In many cases, numerical calculation is time-consuming, especially for the simulation of complex phenomena like a volcanic plume and multi-phase lava flow. These outputs should also be stored in the relational SQL database associated with the calculation conditions. To express probability in volcanic hazard and risk, we conduct multiple sessions of numerical simulation under plausible sets of input parameters and process these results statistically.

This database of calculation results will also link volcanic hazard to exposures and vulnerability (Fujita et al., 2019). The hazard information is expressed as the inundated area, time, velocity, and other characteristic properties for each type of hazard. As both databases are so-called big data, we need high-speed databases. We convert all of the information in these data into the OGC©, 2020 Moving Features Simple CSV format¹, which enables quick and easy handling. They can also be visualized by using a Geographical Information System (GIS) to plot and overlay them on exposures and vulnerabilities, e.g., the distribution of residential areas, roads, and infrastructure. Through this visualized information, we can estimate the risk of volcanic hazard quantitatively at the target location, and this information is also useful for countermeasures such as the formulation of evacuation plans by disaster mitigation authorities.

Here we introduce some case examples.

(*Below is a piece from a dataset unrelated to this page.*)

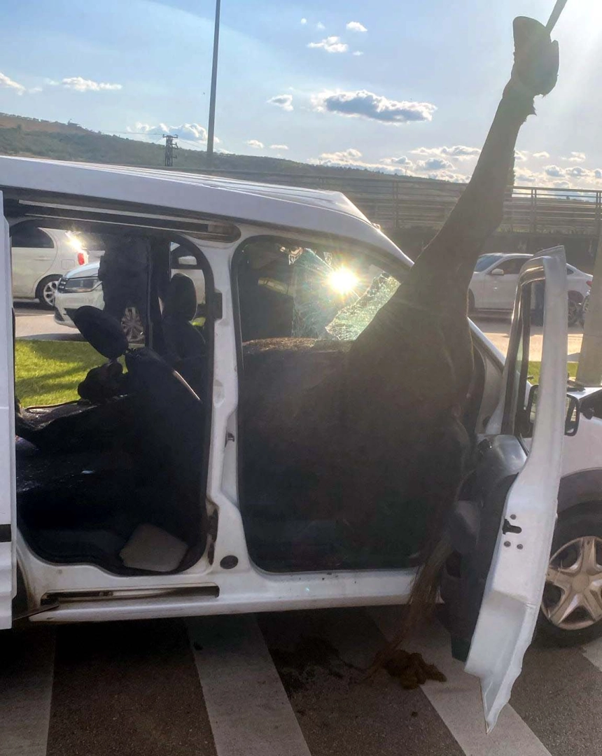 Ahmet ATMACA/ GAZİANTEP, (DHA)- GAZİANTEP’te, hareket halindeki sivil polis aracına, yola fırlayan başıboş ata çarptı. Ön camdan içeri giren atın öldüğü kazada 2 polis de yaralandı. Kaza, akşam saatlerinde havaalanı Hasan Kalyoncu Üniversitesi Kavşağında meydana geldi. İddiaya göre, seyir halindeki 27 AOU 719 plakalı sivil polis aracı, aniden yola fırlayan başıboş ata çarptı. Çarpmanın etkisiyle at polis aracının ön camından içeri girdi. Aldığı darbe ile at ölürken kazada polis memurları Sefa A. ve Ersin B. yaralandı. Polis memurları, çağrılan sağlık ekipleri tarafından ilk müdahalenin ardından hastaneye sevk edildi. Yaralılardan Sefa A.’nın durumunun ağır olduğu öğrenildi. Ölen at araçtan vinç yardımıyla çıkarılırken, kazayla ilgili inceleme sürüyor.

One of the most widespread and pernicious volcanic hazards is ashfall. Ashfall dispersion is calculated by the JMA-RATM model (Shimbori, 2016). Here, we propose an example of an ashfall due to a Mt. Fuji eruption (Figure 3) in which we assume the initial condition of being the same size as the Plinian eruption of Hōei in 1707. Ashfall distribution is strongly controlled by the height of plume and the local wind profile. In the JMA-RATM model, the numerical simulation refers to the weather-forecasting program and obtains detailed distributions. At present, the mesh size of the calculation is 5 km × 5 km, and this will be reduced to a 2 km × 2 km area to provide more detailed information.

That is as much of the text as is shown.